CouchDB compaction - big impacts
Tuesday, December 8, 2009 at 12:07PM CouchDB needs to have it’s databases compacted regularly. It’s quite easy to do but the ease of doing so may lead you into thinking that it’s not worthy of serious consideration. You need to be aware of a few things.
Here at the beeb we have many databases of very differing sizes, with very different “busy times” and to be honest we don’t really know nor care what data is in them. Some documents are very simple, some we know are serialised PHP objects, some are JSON base64 encodings of images (we do not allow attachments) - some docs are less than 50 bytes, some are pushing 1 meg. Some databases have their busy times at 2am - others with the broadcast on the weekends of television shows.
We had a bug in some code a while ago (not CouchDB code) that meant we wanted to not compact our databases for a while. Ordinarily we compact daily - but for one namespace (renamed as “brain test” below) we wanted to keep all previous versions of data for a while (and still do so I did not compact it yesterday). As it was a “hmm - we need to do a one-off here” I compacted everything (nearly together) instead of our system code’s more gentle “one at a time” approach.
Here are some charts so see what happened.
This chart is going to take some explaining:
- Think of it like a stock chart: the blue is the “volume” - the overall size on disk of the database. Its axis is on the left drawn on a log scale given the range of sizes. The biggest was ~ 150 GB, the smallest 80k - but it’s not really that important here.

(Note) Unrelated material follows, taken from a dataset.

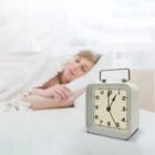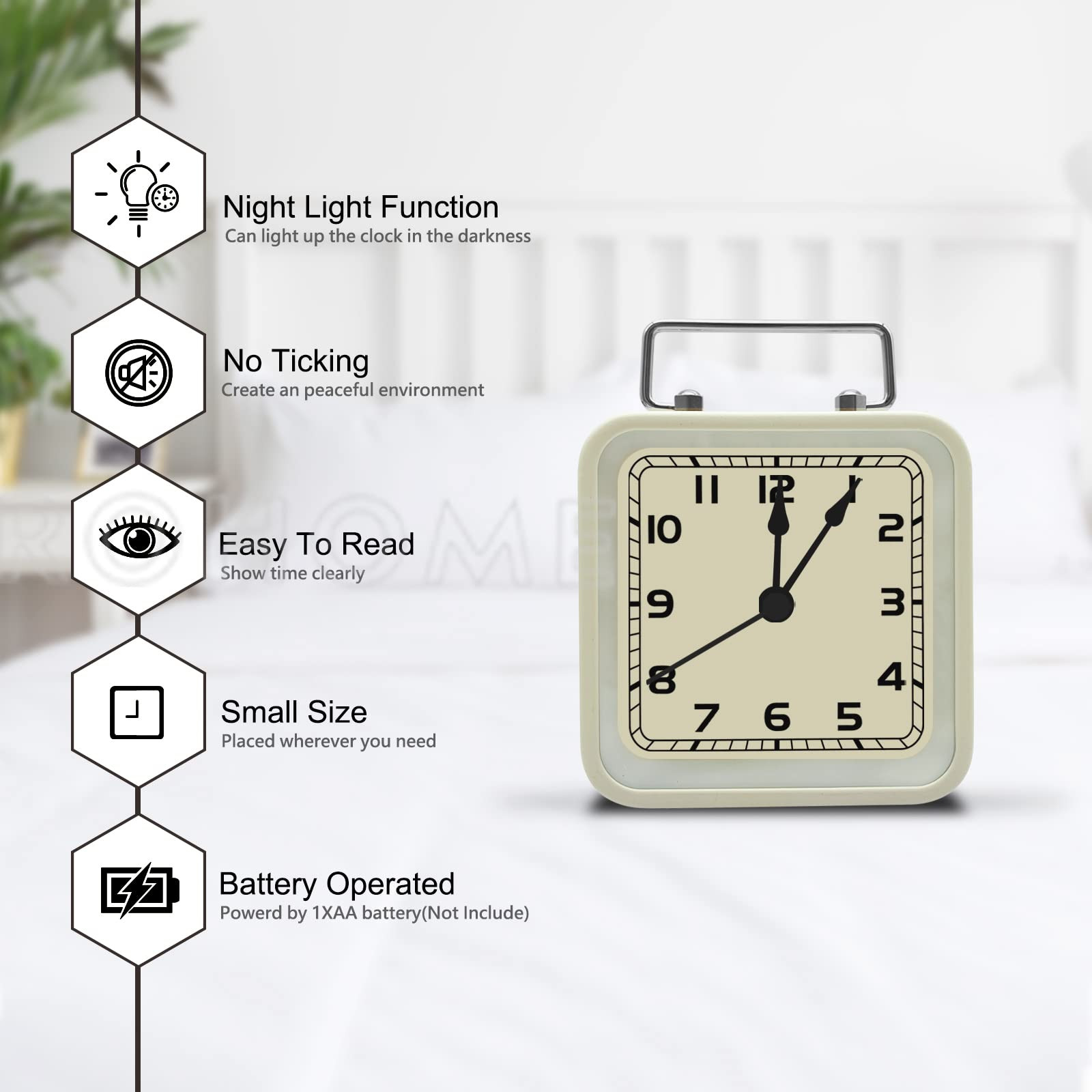 This is a retro desktop alarm clock with HD glass. It looks very cute and stylish. No matter from any angle, you can clearly see the numbers on the dial and know the current time in time. It's concise, clear, and easy to understand. High-end piano lacquered frame with top handle, perfect for placing on a bedside table or hanging as a decoration in a children's room. Tickless, quiet and smooth quartz movement and second hand ensure a good sleep and the best working environment. Suitable for travel, bookshelf, living room, office, kitchen and counter. When you hear the alarm clock, press the night light symbol on the back, the alarm sound will stop, and it will sound again after 5 minutes. The alarm's snooze function continues and loops until you simply turn off the alarm on the back. This clock is powered by only 1 AA (not included). The wireless design allows it to be placed anywhere you need it. You can light up the clock in the dark and see the time. The little yellow light does not irritate the eyes. While protecting the eyes, it also brings a warm and comfortable feeling to the room.

- The top of the red bar is the relative size of the database before the compaction started - that’s why they are all “one” on the right-hand axis
- The bottom of the red bar is the relative size of the database after the compaction finished. Some of hte databases did not compact much, some compacted down to about 2% of their original size
- The thin black lines going up are the amount of space that the compaction took during the process. For namespaces that compact really well, that line is short and the “high tide mark” of the amount of space used is not much above the opening size. However - for namespaces that do not compact well - this high tide mark is as big as the original database. More on this watch-point later.
So - what can we see here?
- The biggest - “big page” - saved 32% of its space - it ended up at about 100 GB in the end.
- “a cache” which was the second biggest compacted REALLY well - due essentially to the very high number of revisions that some of its keys had. It started at 129 gig - finished at 7 gig. That was really quite a nice saving.
- I didn’t compact “brain test” so it finished up the same size - but look at it’s “high” bar. If I had compacted it - it would have take up quite a bit of space. The high bar ought not be there as it didn’t undergo the taking-up-more-space-temporarily compaction process - it’s a flaw in my spreadsheet.
- As you look at the red bars, you can see that most databases compact well - but small ones look like they don’t. This is because small ones are not being revised much - there’s very little going on in them so there’s little changing and hence little for the compactor to free up.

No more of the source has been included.